Radiation-induced grafting (RIG) enables precise functionalization of polymer films for ion-exchange membranes, CO2-separation membranes, and battery electrolytes by generating radicals on robust substrates to graft desired monomers. However, reproducibility remains limited due to unreported variability in base-film morphology (crystallinity, grain orientation, free volume), which governs monomer diffusion, radical distribution, and the Trommsdorff effect, leading to spatial graft gradients and performance inconsistencies. We present a hierarchical stacking optimization framework with a Dirichlet's Process (SoDip), a hierarchical data-driven framework integrating: (1) a decoder-only Transformer (DeepSeek-R1) to encode textual process descriptors (irradiation source, grafting type, substrate manufacturer); (2) TabNet and XGBoost for modelling multimodal feature interactions; (3) Gaussian Process Regression (GPR) with Dirichlet Process Mixture Models (DPMM) for uncertainty quantification and heteroscedasticity; and (4) Bayesian Optimization for efficient exploration of high-dimensional synthesis space. A diverse dataset was curated using ChemDataExtractor 2.0 and WebPlotDigitizer, incorporating numerical and textual variables across hundreds of RIG studies. In cross-validation, SoDip achieved ~33% improvement over GPR while providing calibrated confidence intervals that identify low-reproducibility regimes. Its stacked architecture integrates sparse textual and numerical inputs of varying quality, outperforming prior models and establishing a foundation for reproducible, morphology-aware design in graft polymerization research.
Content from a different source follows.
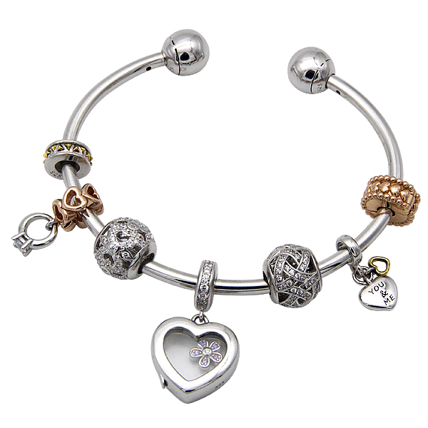925 silver bead bangle set in rhodium, gold & rose gold plating set with clear CZ
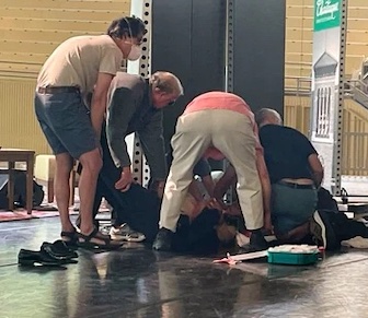 A small group of people quickly surrounded Mr Rushdie, holding up his legs, presumably to send more blood to his chest, AP reported. Hundreds of people in the audience gasped at the sight of the attack and were then evacuated.

翻译：辐射诱导接枝（RIG）通过在坚固的基底上产生自由基来接枝所需单体，能够实现聚合物薄膜的精确功能化，用于制备离子交换膜、CO2分离膜和电池电解质。然而，由于基底薄膜形态（结晶度、晶粒取向、自由体积）中未报告的变异性——这些因素控制着单体扩散、自由基分布和特罗姆斯多夫效应，导致空间接枝梯度和性能不一致——可重复性仍然有限。我们提出了一种基于狄利克雷过程的分层堆叠优化框架（SoDip），这是一个分层的数据驱动框架，整合了：（1）仅解码器Transformer（DeepSeek-R1）用于编码文本过程描述符（辐照源、接枝类型、基底制造商）；（2）TabNet和XGBoost用于建模多模态特征交互；（3）结合狄利克雷过程混合模型（DPMM）的高斯过程回归（GPR）用于不确定性量化和异方差性处理；（4）贝叶斯优化用于高效探索高维合成空间。我们使用ChemDataExtractor 2.0和WebPlotDigitizer整理了一个多样化数据集，整合了数百项RIG研究中的数值和文本变量。在交叉验证中，SoDip相比GPR实现了约33%的性能提升，同时提供了经过校准的置信区间，能够识别低可重复性区域。其堆叠架构整合了不同质量的稀疏文本和数值输入，优于现有模型，并为接枝聚合研究中可重复的、形态感知的设计奠定了基础。